# Which plow?



## cody1018 (Feb 14, 2011)

Hello all, Ive been doing some research on plows for a couple days now and i am still undecided about which plow i should get and what maker i should go with. Ive narrowed it down to Meyer, Boss, Western and Fisher. I know everyone has there own opinions on each of these plows but this is what i have heard about each of them. 

Boss- I have heard both good and bad things about their plows. More bad then good. Mainly that they break down a lot and are made cheap. Personally i dont like the hydraulic lift (would prefer chain lift) and i dont like the mounting system(mainly all the electrical). I also heard that you cant stack snow as high with a hydraulic lift as you can with a chain lift.

Meyer- Ive heard both bad and good with these plows as well. I havnt looked too much into their plows but they look pretty well built.

Western- Ive heard nothing but good about these plows.

Fisher- Same as Western. I really like their mounting system. The only question i have is can you adjust the chain length with their plows? So you can stack snow higher?


Would also like to know about Blizzard's Speedwing plow.

I look to do mainly driveways and would like to do a little bit of commercial plowing. So im looking for your guys advice on which maker and what type of plow.. Should i go the straight blade route, v-plow route or the adjustable length plow? (wide-out)

Also i have a 1986 k10 chevy truck. Would like to stay away from the half ton plows if possible.

Thanks


----------



## JTVLandscaping (Jan 1, 2010)

I've always run a Fisher. I like the trip edge. I don't like the weight. Westerns seem nice but I don't like the whole blade tripping. I know nothing about Boss, but I hear good things.


----------



## maverjohn (Jul 23, 2008)

I have a 18 year old boss plow that I mounted on my 89 chevy, and this plow has not broken down once it two years of use, the meyers plow I had fried two motors in three years and needed welding all the time.
The boss is a very tuff plow and I will allways plow with a boss plow now. good luck.

P S welcome to plowsite


----------



## Kenyou (Oct 13, 2007)

Welcome to Plowsite.
Apparently you haven't read any back posts to see all the things good and bad about the different plows. I would tend to go with a plow company that gave you good service when you break down in a storm.


----------



## Honest Mike (Feb 2, 2008)

Western or Fisher.


----------



## Pushin 2 Please (Dec 15, 2009)

Use the search button and STAY AWAY FROM MEYER! The other 3 are ALL great plows.


----------



## Mabepossibly (Dec 12, 2010)

I have a Boss and love it. My advice would be to buy the Boss, Fisher or Western that has the best dealer support near you.


----------



## Honest Mike (Feb 2, 2008)

Pushin 2 Please;1252624 said:


> Use the search button and STAY AWAY FROM MEYER! The other 3 are ALL great plows.

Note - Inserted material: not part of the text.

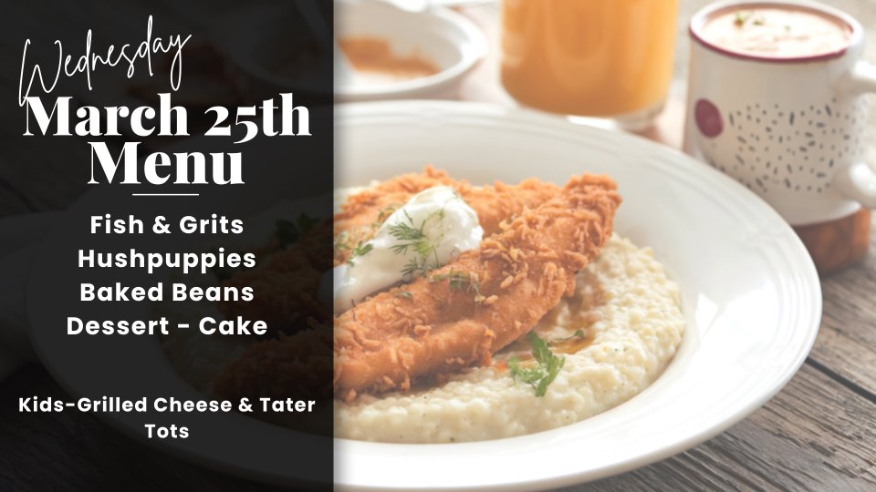 Fish & Grits, Hushpuppies, Baked Beans with Cake for Dessert

I agree about the Meyer, but didnt want to say it.


----------



## Harford13 (Dec 20, 2010)

Ford, Chevy, Dodge, everyone will have there own opinion... What matters the most is finding a good dealer close to home. You also have to consider what type of plowing will you be doing, straight or V Blade. No matter which brand you choose I would recommend a bottom trip plow, it's easier on the plow, your truck and your teeth


----------



## hydro_37 (Sep 10, 2006)

you have a 1/2 ton truck and dont want a 1/2 ton plow?
dealer service is more important then brand
Boss is my choice


----------



## as81808 (Nov 25, 2008)

western or fisher


----------



## 2007gmchts (Feb 26, 2011)

I personally have had bad luck with Western (hts). It's works well when it's not broken. Here in MN it's hard to get parts for them. It generally take Western at least a week to get the parts here. Can't say if it's Western or if it's the dealer. The half ton blades arent that bad. Yes they are short but still move snow. Backdrag just about as good as a big boy plow. Nice to be able to slide it around the shop easily if need be. I use mine for driveways and gas stations. The other up side to the half ton set up is your not going to be putting front ends and trannys in as often.


----------



## STIHL GUY (Sep 22, 2009)

i love my fisher except when backdragging cause it glides over the snow i its more than a few inches. other than that its a great plow


----------



## Gibsonk (Dec 8, 2010)

I've got a western and like it. Buddys got a boss and likes that. you need a dealer close just in case thats the big thing.


----------



## jaudet71 (Mar 4, 2011)

*Not new to plowing only to this site.*

I am getting a new fisher SD plow on the 7th. Am just practicing my first post. I know I will need to modify. Current equipment etc.
Had only 3/4 ton in past but only plow my own yard.
2011 silverado LT crew cab. 875 miles. Will post picture when able. Now if able.


----------



## bruin250 (Feb 5, 2011)

Boss or western:salute:


----------



## linycctitan (Aug 13, 2007)

Plowing is not bad with an older K10 as long as some minor issues are addressed. You must install a steering box brace. It will save you a ton of money and headache down the road. They will handle most any 7.5' blade very well, but if you want the truck to last I would stay away from anything wider. A few have said to "stay away from Meyer" and I agree to a point, stay away from older Meyer stuff as they do have many weaknesses, but the newer "redesigned" Meyer products are actually quite good. I am not a big fan of direct lift plows (even though I currently own one) and in my experiences, chain lift plows do have their advantages, however chain length will not affect how high you can stack, the clearance above your a-frame will. If your looking for a less expensive, older unit, I would suggest Fisher or Western. If you are looking new then talk with your local contractors to see who they recommend most as far as best dealer support, then talk with local dealers and make an educated decision.


----------



## SIWEL (Dec 5, 2008)

Rule Meyer out...

Now the biggest thing is are you looking to buy something new out of the box or something used?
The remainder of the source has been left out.